The new playoff system was given preliminary approval in June 2012 and ratified in November by university presidents and conference commissioners. Officials are meeting this week in Pasadena, California, to finalize details of the system, which included selecting a new name.
“We decided to call the playoff what it is, the College Football Playoff,” executive director Bill Hancock said yesterday in a news release. “We think the new playoff will be the most dynamic improvement to college football in a generation. Certainly it’s what the fans want.”
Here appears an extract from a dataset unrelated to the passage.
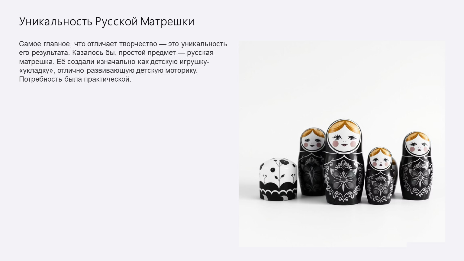 Самое главное, что отличает творчество — это уникальность его результата. Казалось бы, простой предмет — русская матрешка. Её создали изначально как детскую игрушку-«укладку», отлично развивающую детскую моторику. Потребность была практической.
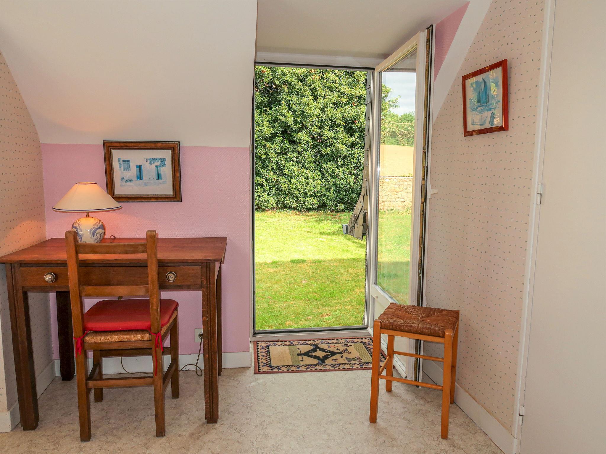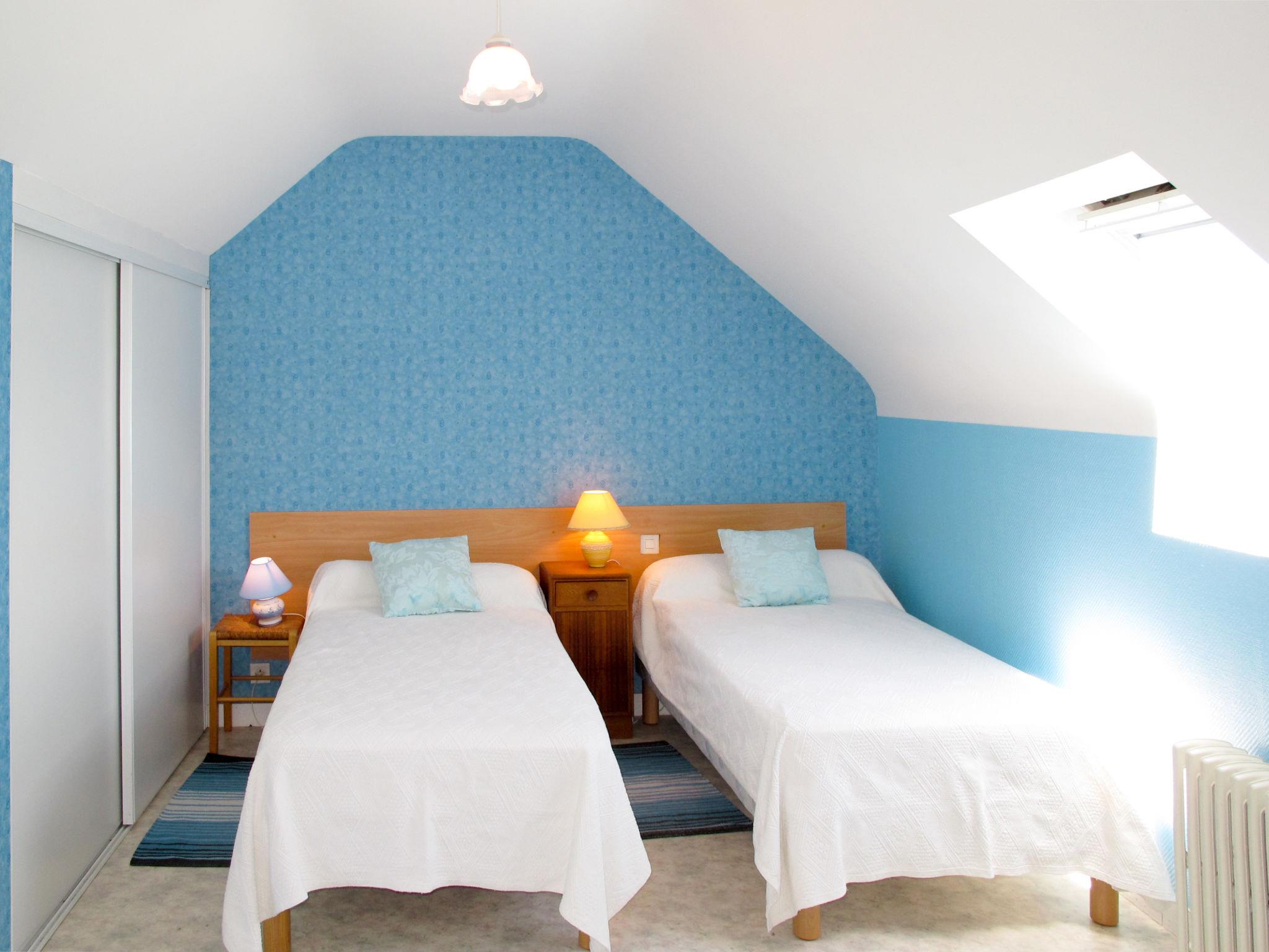 "Gîte Triskell", 4-room house 70 m2 on 2 levels. Partly with sloping ceilings, practical and rustic furnishings: living/dining room with dining table, satellite TV and international TV channels (flat screen), radio. Open kitchen (oven, dishwasher, 4 gas rings, toaster, kettle, microwave, electric coffee machine). Shower, sep. WC. Upper floor: open walk-through room with 1 bed (90 cm, length 190 cm). Interconnecting room with 1 french bed (160 cm, length 200 cm). Exit to the garden. 1 room with 2 beds (90 cm, length 190 cm). Exit to the garden. Sep. WC. Gas heating. Terrace. Terrace furniture, barbecue (portable), deck chairs (5). Facilities: iron, children's high chair, baby cot, hair dryer. Internet (WiFi, free). Please note: non-smoking house. Smoke alarm. 02206022226210072

Still to be determined is the site of the new system’s first national championship game, scheduled for Jan. 12, 2015, and the makeup of the selection committee that will choose the four participating playoff schools. The championship game site is scheduled to be revealed today.
The Rose Bowl and the Sugar Bowl will host the first national semifinals on Jan. 1, 2015. The No. 1 team will play the fourth-ranked team, while No. 2 meets No. 3.
Under the new playoff plan, the national semifinals will rotate among six bowl games, meaning there will be two playoff games along with four other major bowls each season. The location for the national title game will be up for bid each year, similar to the process for the National Football League’s Super Bowl.
A playoff format has been in demand for years by many fans, some lawmakers and even President Barack Obama. Since 1998, college football’s champion has been crowned by the BCS, which uses a formula that incorporates rankings and computer polls to decide the two schools that play for the title.
ESPN has reported that Cowboys Stadium in Arlington, Texas, probably will host the first championship game under the new playoff system. The stadium has been the site of the Cotton Bowl since 2010. Tampa, Florida, was the only other city to bid for the championship game, ESPN reported without saying where it got the information.
Walt Disney Co.’s ESPN in November reached a 12-year agreement to carry all of the postseason games tied to the new college football playoff system. The Sports Business Journal has reported the deal, which runs through 2026, is worth more than $7 billion.